I posted a table from the supplimental information of this paper as commetn #122 on the Hot off the projector #3: Atmospheric CO2 to 800 kyr ago thread.
Rod B says
http://www.grha.net/river_study/pinter2.pdf is a study that shows changing channel conditions is probably the largest factor in recent increases in flood stages, for the Wide Mo. at least. But it could prove either way over time, I guess. I would simply suggest keeping an eye on (and mentioning it is certainly O.K.) but holding the gilding off loosey-goosey statistics to come up with a smoking-gun proof of GW.
Chuck Booth says
Rre # 81 David B Benson: Water levels in Lake Great Lakes
A declining water level was predicted for Lake Erie over a year ago, and this could have some ecological benefits:
U.S. Water News Online
CLEVELAND — The newest update to a Lake Erie management plan predicts global warming will lead to a steep drop in water levels over the next 64 years, a change that could cause the lake’s surface area to shrink by up to 15 percent.

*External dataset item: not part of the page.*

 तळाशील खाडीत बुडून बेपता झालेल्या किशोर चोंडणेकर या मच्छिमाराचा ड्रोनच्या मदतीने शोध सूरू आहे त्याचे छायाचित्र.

The drop could undo years of shoreline abuse by allowing water to resume the natural coastal circulation that has become blocked by structures, experts said.

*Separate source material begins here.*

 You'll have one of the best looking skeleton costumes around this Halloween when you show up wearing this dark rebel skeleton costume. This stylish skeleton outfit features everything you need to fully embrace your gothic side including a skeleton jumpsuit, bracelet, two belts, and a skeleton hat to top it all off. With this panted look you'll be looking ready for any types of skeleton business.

Updated annually, the plan is required by the Great Lakes Water Quality Agreement between the United States and Canada. It is developed by the U.S. Environmental Protection Agency, Environment Canada and state and local governments with help from the shipping industry, sports-fishing operators, farm interests, academics and environmental organizations.
The newest update addresses for the first time, when, where and how the shoreline will be reshaped. It says the water temperature of Lake Erie has increased by one degree since 1988 and predicts the lake’s level could fall about 34 inches. It also says the other Great Lakes will lose water.
If the projections are accurate, Lake Erie would be reduced by one-sixth by late this century, exposing nearly 2,200 square miles of land and creating marshes, prairies, beaches and forests, researchers said.
Researchers said new islands are appearing in the western basin, where Lake Erie is at its lowest and some reefs are about 2 feet below surface.
“There is now stronger evidence than ever of human-induced climate change,” states the report, dated this spring. “Our climate is expected to continue to become warmer. This will result in significant reductions in lake level, exposing new shorelines and creating tremendous opportunities for large-scale restoration of highly valued habitats.”
A predicted drop in water levels also has been addressed by the International Joint Commission, an American-Canadian panel that controls water discharges out of Lake Superior and the St. Lawrence River. The commission told scientists at a workshop in February that research showed water levels should begin decreasing before 2050.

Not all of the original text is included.